» WORK REQUEST: With pictures left out, return only the lines from the line containing "License to supply" through the end of the material below, both included.

» GIVEN MATERIAL:
-- Opening Marker --

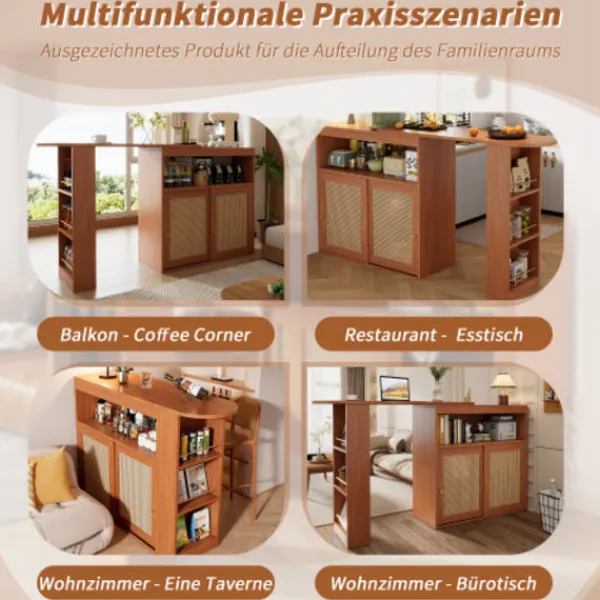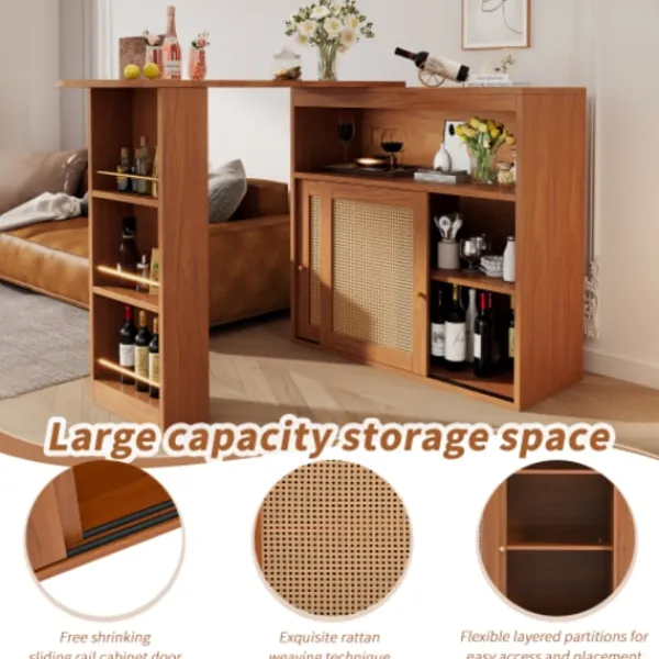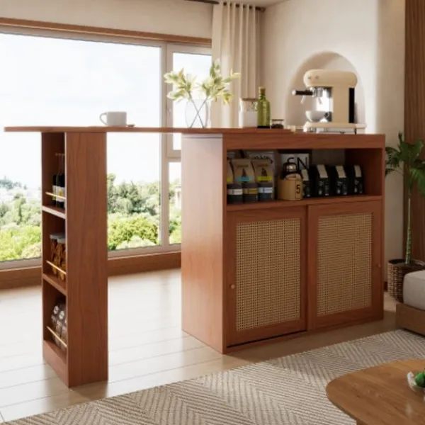 Rottinghantverk: Skåpdörren är gjord av utsökt rotting. Denna traditionella teknik ger inte bara matbordet en unik textur och en varm, naturlig atmosfär, utan visar också hantverkets finess och elegans.
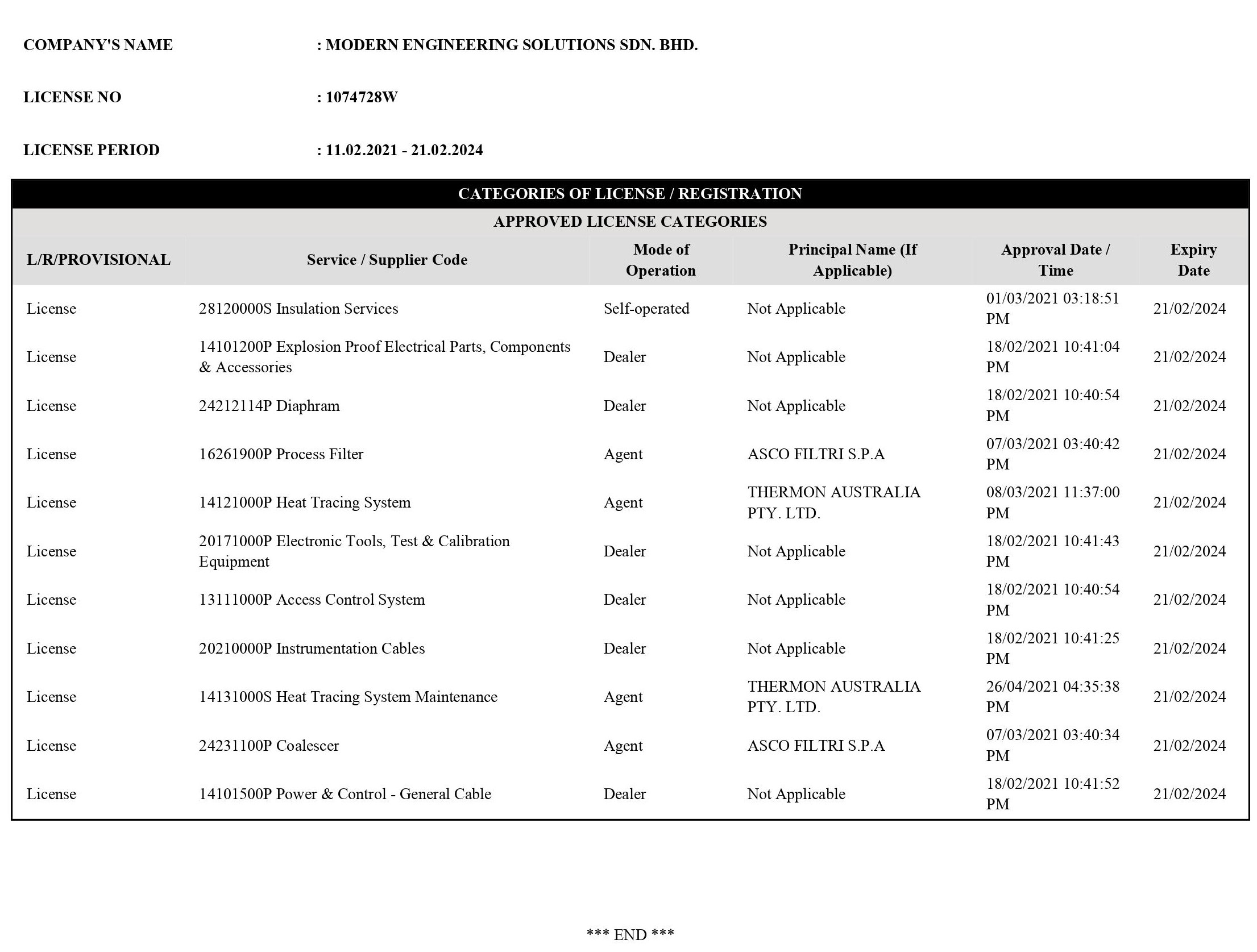 License to supply product/service to exploration and oil/gas companies in Malaysia. (click to view)
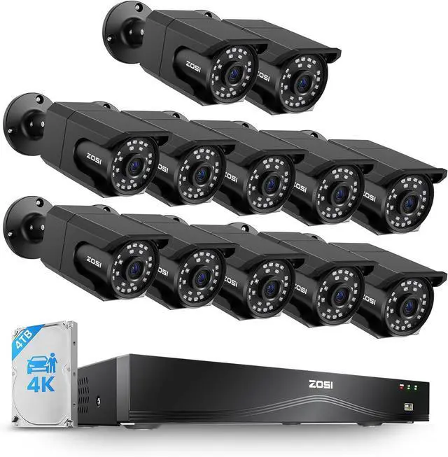 (5). [ Customizable Recording Modes with 4TB HDD ] __ With a built-in 4TB security-grade hard drive, the ZOSI NVR offers four recording modes: continuous 24/7 recording, scheduled recording, motion-activated recording, and recycle recording. Customize each cameras recording mode and download files to a USB for easy backup.

-- Closing Marker --

» TASK SOLUTION:
 License to supply product/service to exploration and oil/gas companies in Malaysia. (click to view)
 (5). [ Customizable Recording Modes with 4TB HDD ] __ With a built-in 4TB security-grade hard drive, the ZOSI NVR offers four recording modes: continuous 24/7 recording, scheduled recording, motion-activated recording, and recycle recording. Customize each cameras recording mode and download files to a USB for easy backup.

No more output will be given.